Although the Federal Reserve's latest forecast sees a rebound next year, Feldstein questioned what factors are behind the forecast.

"It is not clear where the lift will come from," Feldstein said.

Alan Sinai, chief global economist at Decision Economics Inc, forecast that the U.S. will soon slip into a recession lasting as long as any in the post-War history.

There were two recessions lasting roughly 16 months, one in the mid-1970s and another in the early 1980s.

"What is daunting now is that we've got a lot to go. We now have a weak consumer and after some amount of time, we'll have a weak business sector and a major global slowdown in growth. All of this will reverberate back into the economy," Sinai said.

"And the big wild card is how long does it take to deleverage, consolidate, squeeze down costs and then have some liveliness in the business of financial service,?" he added.

"That process time-wise, along with financial problem, could easily take a year," he said.
Feldstein said the market doesn't reflect this risky outlook because some sectors are still reporting healthy profits.


But it is also true that economists at major Wall Street firms are not as pessimistic as Feldstein or Sinai.

"I think the most likely scenario is by early next year things start to work themselves out," said Lewis Alexander, chief economist at Citigroup.

"I don't think we're likely to get a very robust recovery ... but I don't think a more disastrous scenario is the most likely case either," Alexander said.

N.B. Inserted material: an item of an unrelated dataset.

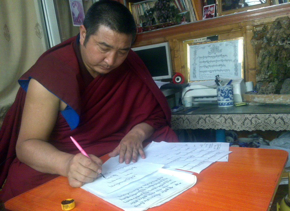 | 喇嘛久美五年来历经四次被捕,而这次,被定罪“涉嫌煽动分裂国家罪”。。。这张照片拍摄于他第三次被捕获释后,在自己的僧舍写作。 |

Mickey Levy, chief economist at Bank of America, agreed.

"I think six months from now we will start to see the light at the end of the tunnel of the housing crisis," Levy said.

The declines in home construction will be near the end and "at that point, some of the uncertainty about how much home prices will fall will start to dissipate," he said.
Inflation

There was no consensus about the outlook for price pressure.

Levy said the Fed will soon begin to prepare markets for a rate hike by the end of the year, providing the Bush Administration completes a credible nationalization of Fannie Mae and Freddie Mac.

"That will open the door for the Fed hiking rates," Levy said.

Despite his weak growth outlook, Sinai said he would also support a small rate hike as a signal that the Fed is committed to stable prices.

Sinai said the Bush Administration and the Fed's response to the financial market turmoil over the past year is inherently inflationary.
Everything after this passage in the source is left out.